Lorsqu'elle entra dans la salle, elle ne vit absolument rien. Tout était très sombre, elle percevait juste un écho, comme des pas... Quelqu'un marchait dans le noir, quelqu'un marchait de façon régulière, quelquefois une accélération, de temps à autre un frottement. Des pas qui tantôt s'éloignaient, tantôt se rapprochaient ou bien marquaient une pause.
Qui est là ? s'enquit-elle d'une voix mal assurée. Tâtonnant dans l'obscurité, elle avança inquiète vers une forme qu'elle commençait à deviner, peut-être une forme humaine et celle-ci se déplaçait lentement. Il ne fallait pas qu'elle cède à la panique...
Puis, tout à coup, l'ombre disparut. Elle retint sa respiration, une goutte de sueur s'écrasa sur le sol. Elle s'en voulait d'être entrée dans cet endroit dont elle ne retrouvait plus la sortie. Depuis combien de temps était-elle là ? Elle n'arrivait pas à lire l'heure sur sa montre...
C'est alors que d'un mouvement brusque, presque violent, l'ombre la saisit à la taille tandis que son autre main lui prit la sienne. Elle étouffa un cri de surprise mais la voix lui souffla tendrement :"Femme, ma plus belle poésie". Ces mots illuminèrent alors la salle, un tango se fit entendre, elle reconnut la voix de Roberto Diaz dans "Recuerdo".
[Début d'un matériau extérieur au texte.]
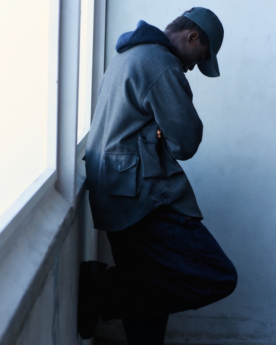 服をパーツとして捉えてスタイリングを組むような、構築的な印象がうかがえる。

Tout avait été dit. S'il lui avait fait mal en la prenant tout à l'heure, il s'était excusé par tout ce qui avait suivi : il ne restait que des actes, des gestes offerts à son corps. Il poursuivait les déplacements lentement, touché par le désir qu'elle lui montrait en l'accompagnant, attentif à ce qu'elle ressentait. Sa robe, parfois se relevait découvrant un genou enveloppé de soie noire et juste au dessus du bas, la blancheur de la cuisse. Fermant les yeux, s'ennivrant des tours qu'il lui faisait faire, des sacadas qu'il lui donnait ou des croisés de jambe qu'il lui guidait, elle arriva ainsi à un point de non retour, là-même où lui ne désirait plus rien d'autre.